Start with the city watch books. I think they're the best out of the lot, especially since you'll then be familiar with a couple of the characters who show up in a number of other books. (Fred and Nobby)


----------



## quarterscot (Jul 27, 2007)

Have to return to the subject of Death getting drunk for my favourite line:

Barman: Don't you think you've had enough?
Death: I KNOW WHEN I'VE HAD ENOUGH
Barman: Yes, but everyone says that
Death: I KNOW WHEN EVERYONE'S HAD ENOUGH


----------



## Kion (Aug 2, 2007)

Anyone play the discworld games? Love the scene in the first one when Rincewind is hanging off a pole really high up and death comes along saying he was passing by and was wondering if he could convince Rincewind to kill himself now to save himself time later.
Gotta love Eric aswell
Boy:I want the most beautiful girl in the world as my wife
Rincewind: Can't I just pop down the shop and get you a pack of polo's?

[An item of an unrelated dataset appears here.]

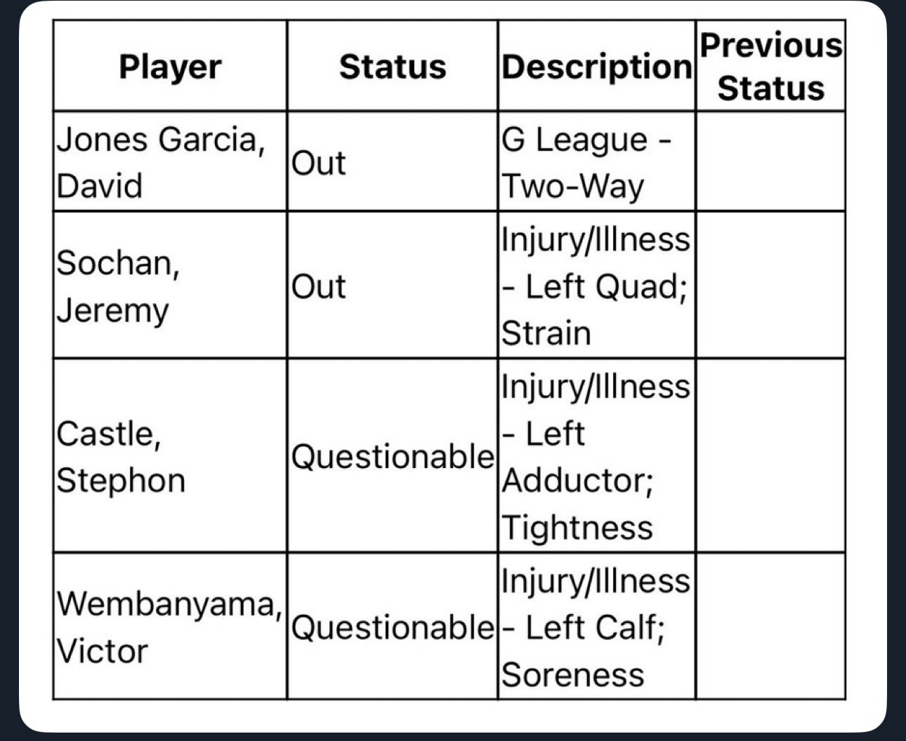 Victor Wembanyama and Stephon Castle are now both listed as questionable as well

Still, best book is Mort by far.

P.S. Got a 1st edition signed copy of 5th elephant


----------



## BlackWolf (Aug 2, 2007)

I played the second one, but didn't get very far. Couldn't figure out what to do with the ice.

I overheard a pair of teenage girls in a bookstore once (yeah, I know! A bookstore!). They saw the Terry Pratchett bookcase and one of them said "I think there's a game called discworld." How do you spell sacriledge?


----------



## Destroyer (Aug 2, 2007)

Kion, I remember that one. That was a brilliant game. Got a bit awkward at one point though because I couldn't get the M-16 to work.


----------



## Lontepark (Jun 19, 2008)

I just started reading Guards, Guards. I was in the bookstore the other day and I picked up the book and just started reading it. I like the book, but is it a good place to start?


----------



## Foxee (Jun 19, 2008)

I don't think there's a bad place to start with these, Lonte, but Guards, Guards! is a pretty good place. It's chronologically early in the Sam Vimes books. Enjoy!

I thought I was going to like Small Gods but really can't get into it. That's the first time that's happened.


----------



## Damien. (Jul 9, 2008)

Hells yeah! I love Night Watch the best, I'd have to say. I can't keep from laughing when Grimes is chasing the asshole over the top of the building and the magic-smart crows/ravens say: "What's happenin', mifter?" I love the word mifter so much I call my cat by it. It's terrible. "What's happenin' mifter?" I love it.


----------



## Squishtof (Sep 10, 2008)

I love the Discworld novels.. but I've kinda felt that the last few have been a bit.. well, lame.. but I keep buying them and reading them and enjoy them but not as much as I once did :-/ does that make me less of a Pratchett Fan? *hangs head in shame* 

Though I have to agree that Vimes and Death are two of the best characters  to be completely weird.. I've always been kinda attracted to Vimes.. :-/ definately need to get out more, I think  lol! 

Shame about his Altzeimers though..


----------